Voyager enters orbit around a planet where time moves at a highly accelerated rate: one day on the planet is a mere second aboard the ship. When Voyager becomes stuck, its presence begins to affect the course of history for the aliens on the planet below.
I'm often down on Star Trek episodes that focus too much on the guest stars and not enough on at least one of the main characters. But this episode is a bit of an exception. It's a cool enough concept -- watching a society mold itself around Voyager over nearly a thousand years -- that it doesn't quite need a deeper emotional heft. The intellectual stimulation is enough. Hell, Star Trek fans get a full meal just in the debate over what the Prime Directive even means when they've been interfering with an alien culture for centuries.
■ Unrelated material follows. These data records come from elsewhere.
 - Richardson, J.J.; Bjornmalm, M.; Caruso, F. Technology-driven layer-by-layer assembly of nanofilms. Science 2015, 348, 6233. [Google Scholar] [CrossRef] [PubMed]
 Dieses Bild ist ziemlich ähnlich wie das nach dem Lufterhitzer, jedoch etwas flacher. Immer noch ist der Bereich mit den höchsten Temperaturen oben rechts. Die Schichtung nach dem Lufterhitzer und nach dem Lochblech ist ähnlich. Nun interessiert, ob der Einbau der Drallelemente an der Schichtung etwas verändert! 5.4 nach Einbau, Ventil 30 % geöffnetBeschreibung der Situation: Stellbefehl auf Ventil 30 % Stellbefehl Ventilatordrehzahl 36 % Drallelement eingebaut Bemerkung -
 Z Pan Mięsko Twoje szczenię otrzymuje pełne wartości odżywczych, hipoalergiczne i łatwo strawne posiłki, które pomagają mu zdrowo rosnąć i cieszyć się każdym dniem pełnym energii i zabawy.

And there are at least little tendrils of impact for some of the main characters. Chakotay flexes his often-dormant anthropological muscles. The Doctor is sent down to the planet at one point, and winds up enduring years of separation (by his reckoning). I wish even more could have been made of his experience, though. We're told he starts a family and has a son -- and we know firsthand how powerful the effect of having even a fake family had on him. Yet the only lasting impact of the experience seems to be that he misses watching sportsball and having someone to talk about it with.
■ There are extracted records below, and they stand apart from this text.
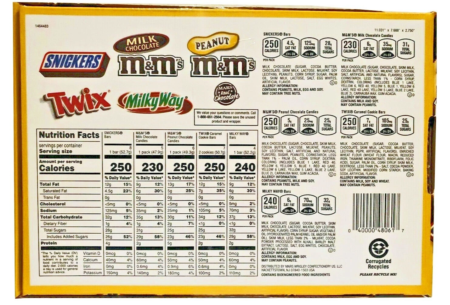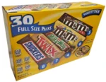 - Contains one (1) 30-count box of full-sized, individually wrapped Chocolate & Chewy Candy: (8) SNICKERS Milk Chocolate Bars, (6) M&M’S Peanut Chocolate Candy, (6) M&M’S Milk Chocolate Candy, (4) SKITTLES Original Chewy Candy, (3) STARBURST Original Chewy Candy, and (3) 3 MUSKETEERS Milk Chocolate Bars Assortment
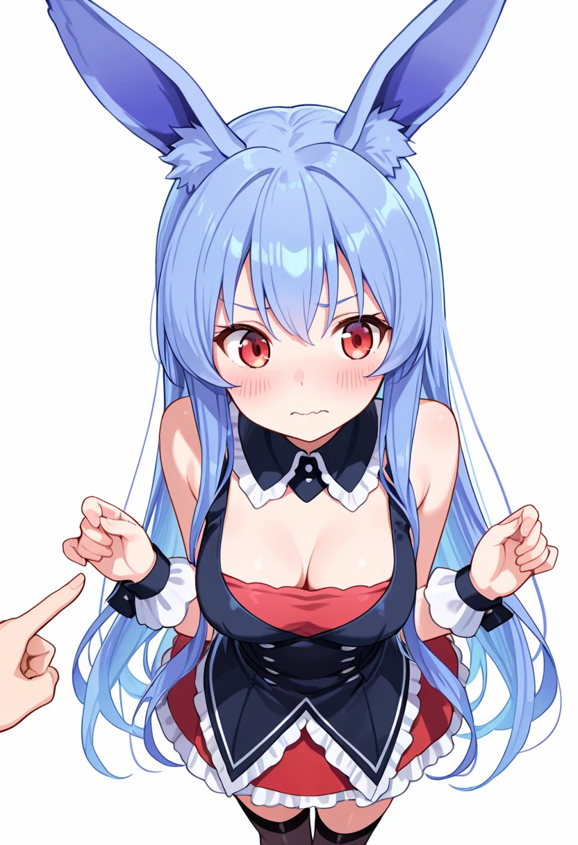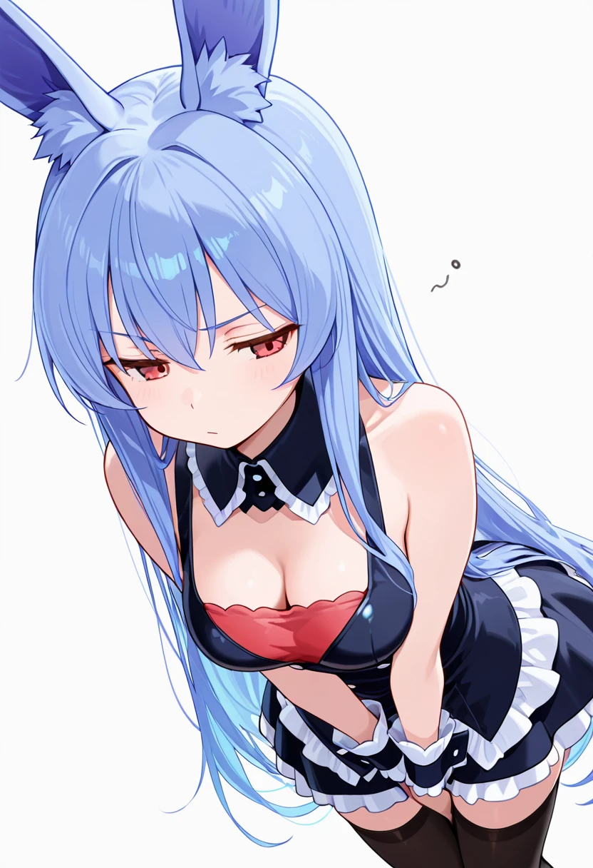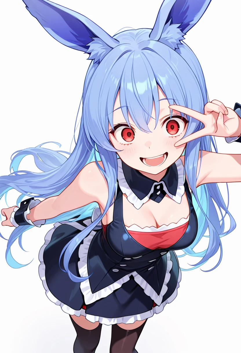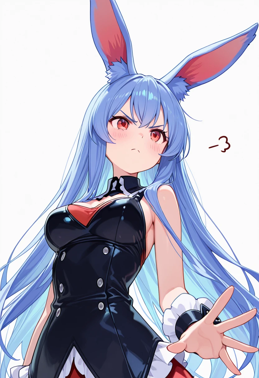 1girl, long hair,rabbit ears, red eyes, medium breasts, very long hair, rabbit girl, animal ear fluff,blue hair,🧬Pink Version
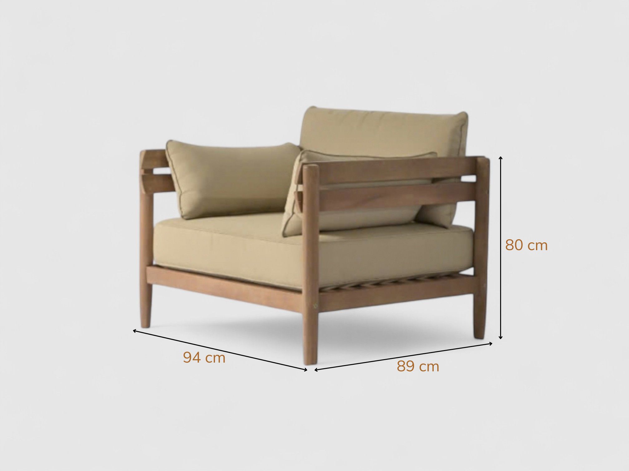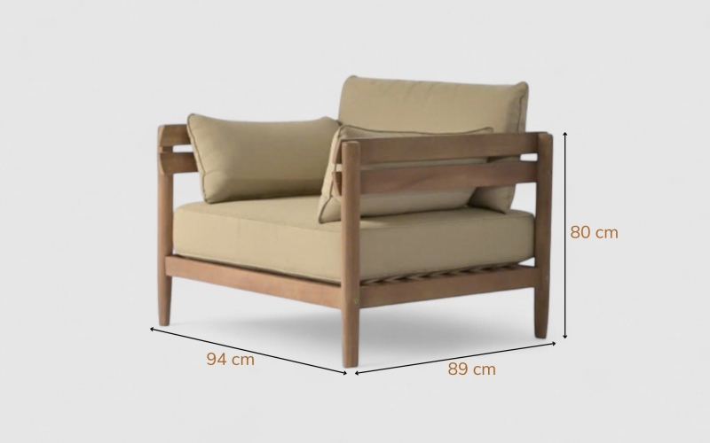 The Ruby 1-Seater Sofa delivers unmatched comfort with its generously padded 20cm seat and back cushions in soft beige tones.

But a story about time moving fast doesn't leave time for personal details, I suppose. And it's not like only the main characters are getting shorted there. The astronaut played by Daniel Dae Kim (here a few years before he broke through on Lost) has a truly interesting story, if only the episode had time to tell it. He volunteers for a space mission and winds up being gone so long that everyone he knew on his own planet ages and dies. Then he has to go back and persuade his government to pursue a particular course of action; how does he do it? What is the rest of his life like?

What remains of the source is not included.